Python

Context Managers

햣둘 2025. 6. 25. 08:05

Contextlib - Utilities for "with" statement contexts

This module provides utilities for common tasks involoving the with statement.

 

Utilities

Functions and classes provided : 

class contextlib.AbstractContextManager

An abstract base class for classes that implement object._enter_() and object._exit_().

A default implementation for object._enter_() is provided which returns self while object._exit_() is an abstract method which by default returns None. (Added in version 3.6)

 

class contextlib.AbstractAsyncContextManager

An abstract base class for classes that implement object._aenter_() and object._aexit_().

A default implementation for object._aenter_() is provided which returns self while object._aexit_() is an abstract method which by default returns None. (Added in version 3.7)

 

@contextlib.contextmanager

This function is a decorator that can be used to define a factory function for "with" statement context managers, without needing to create a class or separate _enter_() and _exit_() methods.

While many objects natively support use in "with" statements, sometimes a resource needs to be managed that isn't a context manager in its own right, and doesn't implement a close() method for use with contextlib.closing.

 

An abstract example would be the following to ensure correct resource management:

from contextlib import contextmanager

@contextmanager
def managed_resource(*args, **kwds):
	# Code to acquire resource, e.g.:
    resource = acquire_resource(*args, **kwds)
    try:
    	yield resource
    finally:
    	# Code to release resource, e.g.:
        release_resource(resource)

 

The function can then be used like this:

with managed_resource(timeout=3600) as resource:
	# Resource is released at the end of this block,
    # even if code in the block raises an exception

 

The function being decorated must return a generator-iterator when called.

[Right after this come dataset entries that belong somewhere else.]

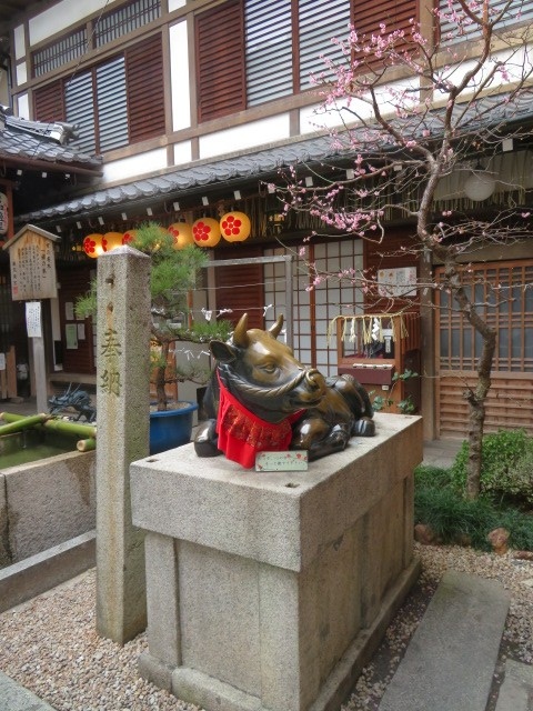 錦市場にあるということで、天満宮ですが、当然商売繁昌のお参りに来る方が多いのでしょう。たくさんの提灯が飾られていて、雰囲気ぐ華やかです。本堂にも金色が輝いていました。あと、ここの牛は、妙にリアルで可愛いです。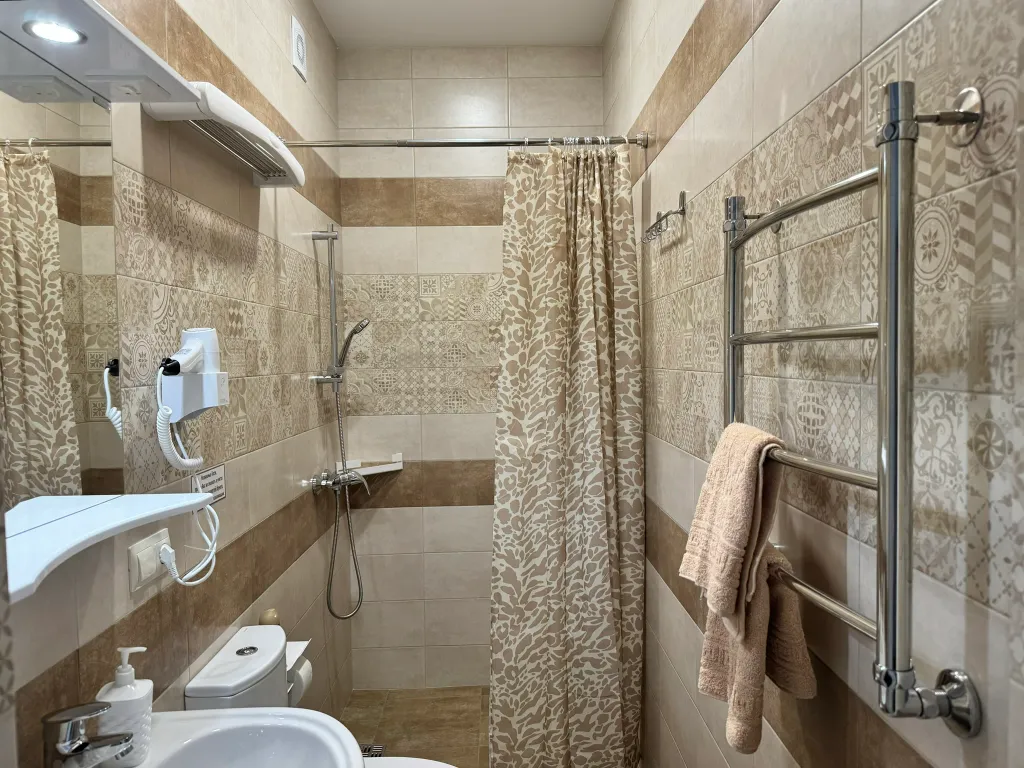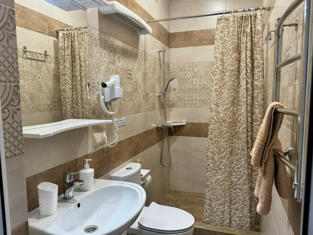 Техника. В номере есть всё необходимое: холодильник, чайник, кондиционер, телевизор, фен и сейф для ценных вещей.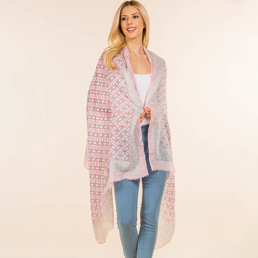 Geometric Pattern Fringe Shoulder Wrap Scarf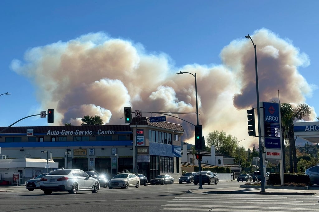 A plume of smoke from the Palisades Fire rises over Ventura Boulevard in the Woodland Hills section of Los Angeles on Friday. Photo: AP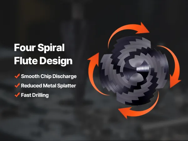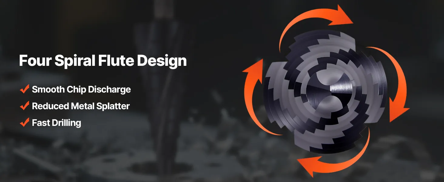 Four spiral flutes speed up chip evacuation for smoother, uninterrupted drilling, especially on hard materials. Our step drill bit for metal helps achieve cleaner, more precise holes.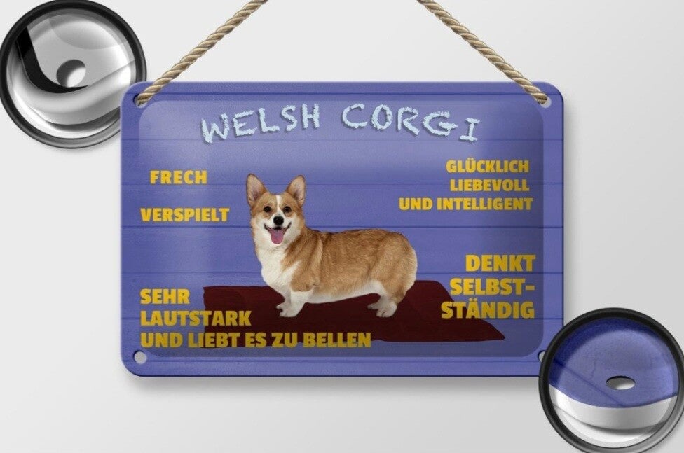 Hunde‑Blechschild Welsh Corgi (12×18cm)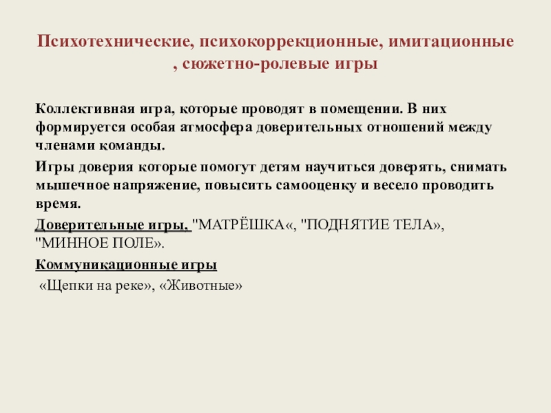 Слайд 33Психотехнические, психокоррекционные, имитационные , сюжетно-ролевые игры
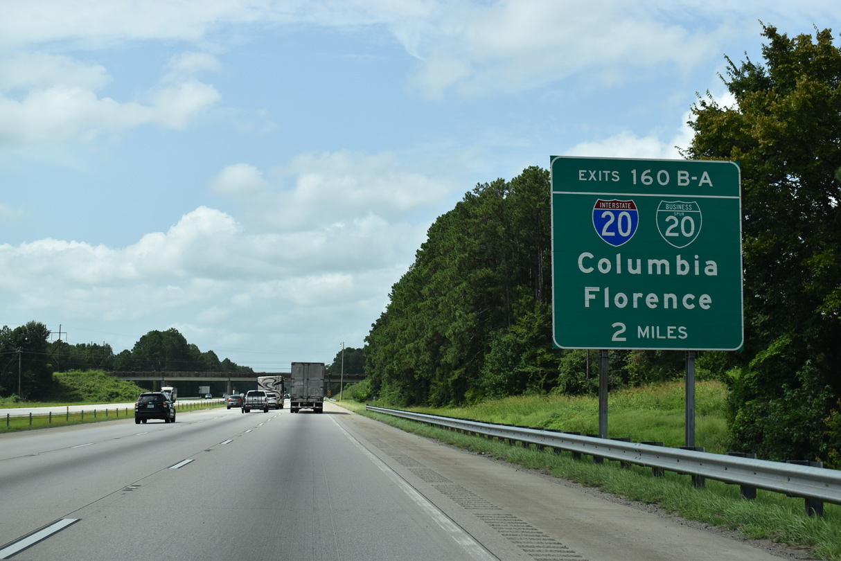 Starting in the vastness of western Texas, then emerging in the southeastern states as a major highway through several metropolitan areas, Interstate 20 provides a connection through the northern tier of the Deep South states. It originates in West Texas and passes through the Dallas-Forth Worth area en route to Shreveport, Birmingham, Atlanta and Columbia before concluding in Florence, South Carolina.

This iterator must yield exactly one value, which will be bound to the targets in the with statement's as clause, if any.

 

At the point where the generator yields, the block nested in the with statement is excuted. The generator is then resumed after the block is exited. if an unhandled exception occurs in the block, it is reraised inside the generator at the point where the yield occured. Thus, you can use a try-except-finally statement to trap the error (if any), or ensure that some cleanup takes place. If an exception is trapped merely in order to log it or to perform some action(rather than to suppress it entirely), the generator must reraise that exception. Otherwise the generator context manager will indicate to the with statement that the exception has been handled, and execution will resume with the statement immediately following the with statement.

 

contextmanager() uses ContextDecorator so the context managers it creates can be used as decorator as well as in with statements. When used as a decorator, a new generator instance is implicitly created on each function call (this allow the otherwise "one-shot" context managers created by contextmanager() to meet the requirement that context managers support multiple invocations in order to be used as decorators.)

 

@contextlib.asynccontextmanager

Similar to contextmanager(), but creates an asynchronous context manager.

 

This function is a decorator that can be used to define a factory function for async with statement asynchronous context managers, without needing to create a class or separate __aenter__() and __aexit__() methods. It must be applied to an asynchronous generator function.

 

A simple example:

from contextlib import asynccontextmanager

@asynccontextmanager
async def get_connection():
	conn = await acquire_db_connection()
    try:
    	yield conn
    finally:
    	await release_db_connection(conn)

async def get_all_users():
	async with get_connection() as conn:
    	return conn.query('SELECT ...')

 (Added in version 3.7)

 

Context managers defined with asynccontextmanager() can be used either as decorators or with async with statements: 

import time
from contextlib import asynccontextmanager

@asynccontextmanager
async def timeit():
	now = time.monotonic()
    try:
    	yield
    finally:
    	print(f'it took {time.monotonic() - now}s to run')
        
@timeit()
async def main():
	# ... async code ...

When used as a decorator, a new generator instance is implicitly created on each function call.

This allows the otherwise "one-shot" context managers cretaed by asynccontextmanager() to meet the requirement that context managers support multiple invocations in order to be used as decorators.

 

Changed in version 3.10: Async context managers created with asynccontextmanager() can be used as decorators.